[Opening Data supplied section]
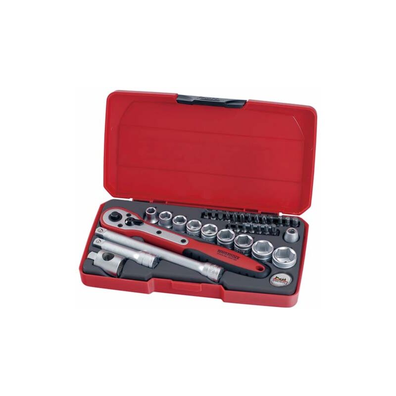 Il mazzo di chiavi Il Set di Bussole da 3/8” da 34 Pezzi di Tengtools è composto da una valigetta con 9 bussole esagonali regolari, una chiave a cricchetto rinforzata, un morsetto da 3" e 6", alcune prolunghe per barre, una chiave da 1 Adattatore /2"F - 3/8 M" e 20 inserti. /br>p> /br>p> Contiene: < /p>/br>p>Adattatore 1/2" F- 3/8" M/br>p>< span style="font-family:Arial,Helvetica,sans-serif">Punte esagonali interne 3-4-5-6 mm/br>p>Punte piatte 3-4-5,5 mm/br>p>Phillips PH1-2-3 bit/br>p> Punte Pozidriv PZ1-2-3/br>p>Suggerimenti TX TX10-15-20-25-27-30-40< /p>/br>p>Prese serie normale 8-10-11-12-13-14-15-17-19 mm-Il set di prese 3/8 ” da 34 pezzi della Tengtools è composto da una valigetta con 9 bussole esagonali regolari, una chiave a cricchetto rinforzata, un'asta di prolunga da 3"" e 6"", alcune barre di prolunga, un adattatore 1/2"" F - 3/8 M" " e 20 punte.include:1/2"" adattatore F- 3/8"" Mpunte esagonali interne 3-4 -5-6 mminserti piatti 3-4-5.5 mminserti Phillips PH1-2-3inserti
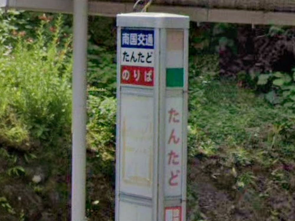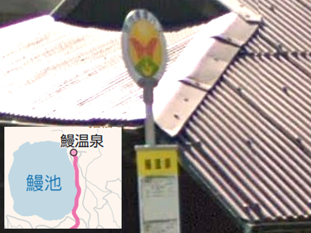 上記の鰻温泉・鰻池に向かう道路の分岐点にあるバス停です。 GoogleStreetView |
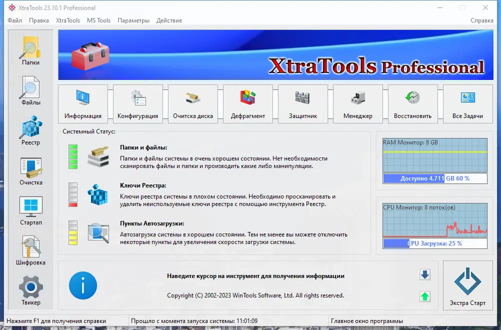XtraTools — многофункциональная утилита для глубокой оптимизации и обслуживания операционной системы Windows, обеспечивающая стабильность, высокую производительность и безопасность. Программа объединяет в себе набор инструментов для очистки реестра, управления автозагрузкой, шифрования файлов и мониторинга системных ресурсов.
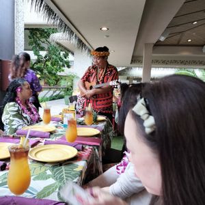 The staff members who performed hula during the buffet danced tirelessly, which was impressive. One of the musicians played the ukulele and sang a Teresa Teng song after realizing we were Japanese. My mother even participated in the hula dance lesson and was moved throughout the experience.
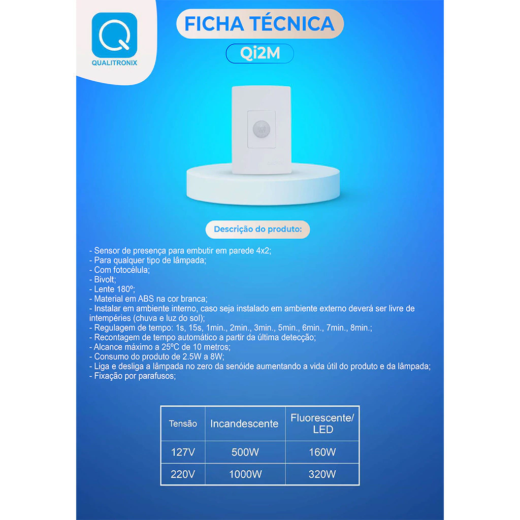 SENSOR DE PRESENÇA MICROCONTROLADO 180º COM FOTOCÉLULA E 6 FUNÇÕES BRANCO COD QI2MB - QUALITRONIX
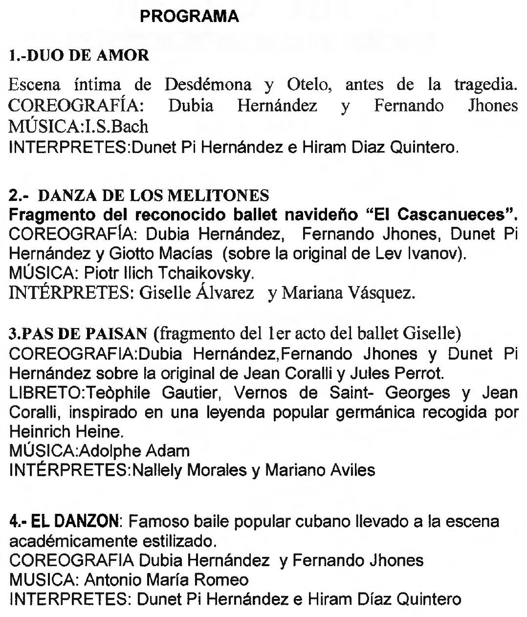1.Dúo de amor, 2.Danza de los melitones, 3.Pas de paisan, 4.El Danzón
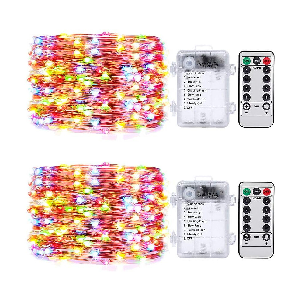 2 Pack 5m LED String Lights with 50 Multi-Colored LEDs, Battery Powered and Timer Setting Remote, Indoor or Outdoor
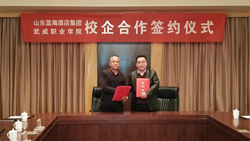 山东蓝海酒店集团与武威职业学院经济管理系校企合作成功签约,将促使学院的师资力量得到进一步的提升,学生的就业前景得到进一步的拓展,同时学院与企业共享各自的行业优势,将对双方的发展发挥极大的促进作用。
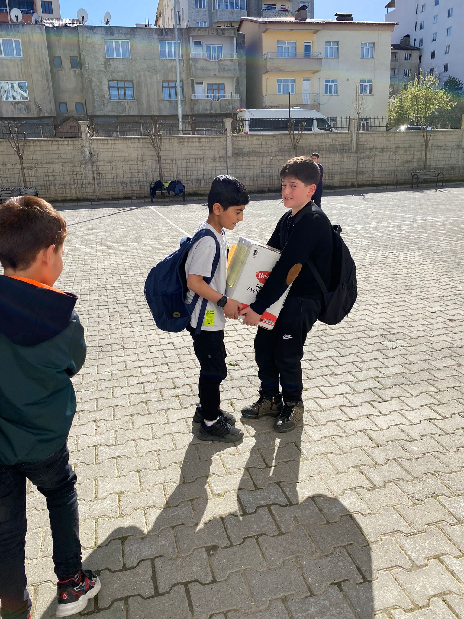 Tatvan Ömer Halis Demir İmam Hatip Ortaokulunda okuyan öğrenciler depremzedeler için yardım topladı.
[Closing Data supplied section]
_Problem details_: Return, exactly as they stand, the lines above from the one with "The staff members" to the one with "1.Dúo de amor, 2.Danza", omitting any pictures among them.

_Output for this exercise_:
 The staff members who performed hula during the buffet danced tirelessly, which was impressive. One of the musicians played the ukulele and sang a Teresa Teng song after realizing we were Japanese. My mother even participated in the hula dance lesson and was moved throughout the experience.
 SENSOR DE PRESENÇA MICROCONTROLADO 180º COM FOTOCÉLULA E 6 FUNÇÕES BRANCO COD QI2MB - QUALITRONIX
1.Dúo de amor, 2.Danza de los melitones, 3.Pas de paisan, 4.El Danzón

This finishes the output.